Nigeria’s inflation trajectory continued its gradual descent in February 2026, with headline inflation moderating marginally to 15.06% year-on-year, from 15.10% in January. This marks the eleventh consecutive monthly decline, reinforcing the narrative that the economy remains on a disinflation path.

However, beneath this improving headline figure lies a more nuanced reality. While the moderation reflects improving macroeconomic conditions, particularly exchange rate stability, the slow pace of decline suggests that the economy may be approaching an inflection point. More importantly, the recent rally in global oil prices, with early signs of pass-through to domestic fuel prices, coupled with a sharp rebound in month-on-month inflation, suggests that underlying price pressures are rebuilding, pointing to renewed cost pressures on consumers and businesses. On a month-on-month basis, inflation rose sharply to 2.01%, reversing the -2.88% deflation recorded in January.

Currency Stability Supports Core Inflation

At the heart of the disinflation story is the moderation in core inflation to 15.88% in February from 17.12% in January, largely driven by improved exchange rate dynamics. In February, the Naira appreciated both in the official and parallel markets, gaining 1.70% at the official window and 6.73% in the parallel market. This appreciation has helped to ease imported inflation pressures, particularly across non-food categories.

Food Inflation Surges as the Planting Season Begins

In contrast to the moderation in core inflation, food inflation has reversed course, climbing to 12.12% in February, after briefly dropping to single digits for the first time in over a decade (8.89% in January). This increase underscores the combined impact of persistent structural challenges, Ramadan, seasonality effect. As the planting season begins, supplies typically tighten, driving price increases. This seasonal pattern is further exacerbated by higher logistics costs, insecurity in key food-producing regions, and ongoing inefficiencies across the agricultural value chain. The resurgence in food inflation highlights a critical issue that Nigeria’s inflation is increasingly supply-driven, making it less responsive to improvements in monetary conditions alone.

Inflation Outlook: Risk of Reversal in March

The disinflation trend appears increasingly fragile, with early signals suggesting a potential reversal in March 2026. While exchange rate stability has supported the recent moderation in headline inflation, emerging pressures, particularly from the energy and food segments, are beginning to offset these gains. The recent uptick in global oil prices is expected to transmit into higher domestic fuel costs, with broad-based implications for transportation, logistics, and production costs.
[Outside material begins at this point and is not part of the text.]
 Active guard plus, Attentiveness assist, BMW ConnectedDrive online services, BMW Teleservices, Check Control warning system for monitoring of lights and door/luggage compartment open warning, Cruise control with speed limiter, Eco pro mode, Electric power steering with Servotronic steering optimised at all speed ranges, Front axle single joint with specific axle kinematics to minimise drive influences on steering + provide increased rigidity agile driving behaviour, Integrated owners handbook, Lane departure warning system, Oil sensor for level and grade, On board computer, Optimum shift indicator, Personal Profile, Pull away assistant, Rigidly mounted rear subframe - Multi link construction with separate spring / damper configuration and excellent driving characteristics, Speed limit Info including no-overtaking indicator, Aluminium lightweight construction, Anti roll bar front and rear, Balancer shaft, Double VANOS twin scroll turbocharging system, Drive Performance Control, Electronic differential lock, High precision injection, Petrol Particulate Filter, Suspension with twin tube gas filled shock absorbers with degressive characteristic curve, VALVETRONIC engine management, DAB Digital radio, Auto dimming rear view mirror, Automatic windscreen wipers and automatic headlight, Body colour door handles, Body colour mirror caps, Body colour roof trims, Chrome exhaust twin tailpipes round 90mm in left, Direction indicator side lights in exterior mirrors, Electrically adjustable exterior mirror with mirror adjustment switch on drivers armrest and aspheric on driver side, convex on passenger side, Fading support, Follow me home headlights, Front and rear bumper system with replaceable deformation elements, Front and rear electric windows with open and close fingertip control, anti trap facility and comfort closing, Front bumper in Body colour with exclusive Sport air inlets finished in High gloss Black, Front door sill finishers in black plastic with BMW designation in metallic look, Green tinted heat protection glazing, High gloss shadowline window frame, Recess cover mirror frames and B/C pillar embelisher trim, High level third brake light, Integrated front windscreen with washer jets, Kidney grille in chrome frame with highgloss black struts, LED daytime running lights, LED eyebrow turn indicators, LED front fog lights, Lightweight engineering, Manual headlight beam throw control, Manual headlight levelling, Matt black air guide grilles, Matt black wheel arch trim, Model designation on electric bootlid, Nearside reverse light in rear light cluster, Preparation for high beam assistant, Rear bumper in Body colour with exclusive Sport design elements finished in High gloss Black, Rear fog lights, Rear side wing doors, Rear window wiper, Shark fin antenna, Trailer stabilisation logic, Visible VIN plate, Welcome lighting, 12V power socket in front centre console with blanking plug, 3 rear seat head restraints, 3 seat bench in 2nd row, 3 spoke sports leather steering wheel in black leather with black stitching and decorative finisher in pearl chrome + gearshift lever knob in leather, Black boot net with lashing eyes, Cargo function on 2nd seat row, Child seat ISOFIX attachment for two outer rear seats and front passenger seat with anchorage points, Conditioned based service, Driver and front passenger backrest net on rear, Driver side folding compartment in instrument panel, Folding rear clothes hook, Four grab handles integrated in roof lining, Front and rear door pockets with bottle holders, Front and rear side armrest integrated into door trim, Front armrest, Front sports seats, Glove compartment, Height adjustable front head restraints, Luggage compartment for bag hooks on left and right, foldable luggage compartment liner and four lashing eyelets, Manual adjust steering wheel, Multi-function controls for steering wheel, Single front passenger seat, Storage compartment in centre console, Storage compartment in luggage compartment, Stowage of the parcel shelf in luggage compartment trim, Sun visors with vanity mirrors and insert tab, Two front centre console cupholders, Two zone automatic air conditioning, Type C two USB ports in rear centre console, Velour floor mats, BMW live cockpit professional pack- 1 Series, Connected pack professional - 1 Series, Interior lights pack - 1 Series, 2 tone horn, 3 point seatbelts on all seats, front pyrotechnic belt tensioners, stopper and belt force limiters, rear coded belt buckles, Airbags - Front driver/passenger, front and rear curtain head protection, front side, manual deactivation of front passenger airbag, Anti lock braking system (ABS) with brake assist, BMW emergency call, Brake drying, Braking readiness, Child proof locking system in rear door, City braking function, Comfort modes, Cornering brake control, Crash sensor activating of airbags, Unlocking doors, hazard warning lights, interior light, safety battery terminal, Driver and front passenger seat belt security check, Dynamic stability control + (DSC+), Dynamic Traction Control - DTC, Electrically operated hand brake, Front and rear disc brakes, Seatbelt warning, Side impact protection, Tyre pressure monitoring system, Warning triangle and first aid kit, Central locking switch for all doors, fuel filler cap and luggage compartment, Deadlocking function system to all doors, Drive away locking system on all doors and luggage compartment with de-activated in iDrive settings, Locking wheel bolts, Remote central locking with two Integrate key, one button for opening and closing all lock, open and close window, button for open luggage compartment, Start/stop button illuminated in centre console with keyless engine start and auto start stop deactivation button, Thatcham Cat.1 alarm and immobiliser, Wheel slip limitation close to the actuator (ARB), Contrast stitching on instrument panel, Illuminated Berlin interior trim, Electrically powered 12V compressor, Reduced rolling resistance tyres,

At the same time, the seasonal uptick in food inflation associated with the planting season is likely to intensify in the coming months, further exerting upward pressure on prices. Given the weight of food in the inflation basket, this could materially alter the trajectory of headline inflation.

Policy Implications: Limited Room for Monetary Easing

The February inflation data presents a delicate balancing act for policymakers. While the easing in headline and core inflation provides some room for optimism, the resurgence in monthly price pressures suggests that inflation is not yet fully under control. Additionally, emerging risks from energy prices and food inflation reinforce the need for caution.

As a result, the Central Bank is likely to maintain a tight or neutral monetary policy stance in the near term, prioritizing price stability over aggressive growth stimulation.